@@Djmohr - Thank you for your kind words. Already I am happily overwhelmed by how welcoming everyone has been. This surgery seems to be an amazing thing. Although I've read a lot about loose skin and other not-so-great things, almost everyone says it's the best thing they've ever done for themselves. I so look forward to changing my life this way also.
@@Cervidae - That eases my mind so much! I am VERY lucky that, besides PCOS, I have no other severe comorbidities. I am not anywhere near diabetic, no sleep apnea, and, if you can believe it, my blood pressure is actually lower than it was when I was 19 and 130lbs lighter. Weird. But the PCOS rages on. I'm right with you on the five o'clock shadow. Spiro was the third medicine I tried that I couldn't name. As you said, none of that even remotely touched the symptoms. If the surgery can relieve even part of that, I will be extremely grateful. And as for all my other relatively good health: I woke up about a week ago and realized that it IS strange and it WON'T last forever. One day there will be something, probably something tiny, that will tip it all over the edge. And that's it. If I am going to do this, I must do it while I am still strong.

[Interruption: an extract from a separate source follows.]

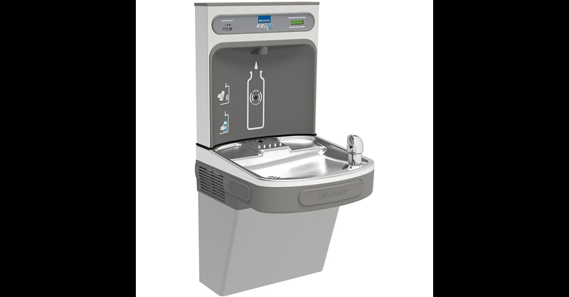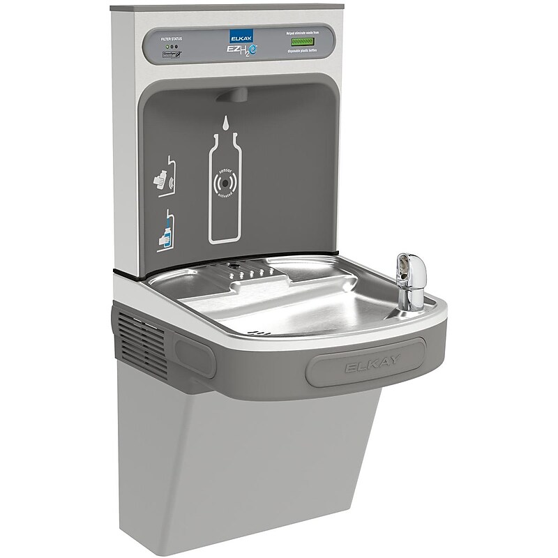 The Elkay EZH2O Bottle Filling Station delivers a clean quick water bottle fill and enhances sustainability by minimizing our dependency on disposable plastic bottles. Complete cooler and bottle filling station in a consolidated space saving ADA compliant design. Bottle Filler features sanitary no-touch sensor activation with automatic 20-second shut-off timer. Touchless, sensor activation (bottle filler) designed for easy use; easy-to-operate push-bar activation (bubbler). Fill rate is 1. 1 GPM. Visual filter monitor with LED filter status indicator for when filter change is necessary. The 3,000-gallon filter is certified to NSF 42 and 53 for lead, Class 1 particulate, chlorine, taste and odor reduction. Green Ticker informs user of number of 20 oz plastic water bottles saved from waste. Laminar flow provides clean fill with minimal splash. Silver ion antimicrobial protection on key plastic components to inhibit the growth of mold and mildew on product. Real drain system eliminates standing water. Vandal-resistant bubblers feature chrome-plated integral hood guard to prevent contamination from other users, airborne deposits and tampering. Compressor included in refrigerated units.

I went with my mom to physical therapy a little while ago and saw person after person confined to scooters because of their weight. That scared the hell out of me. When I weighed 330-ish, I was able to walk a couple of miles on the beach one day, then climb up the massive cliff to get back to the car when we were ready to go. Thirty pounds later, I went to a Halloween haunt thing at the Queen Mary and, for the first time in my life, I had to sit down between going through haunted houses because my feet, ankles, knees, and back hurt so badly. Slowly but surely, I'm coming to the tipping point. I need to do this now. Sorry for the rambling. So much is going through my mind right now.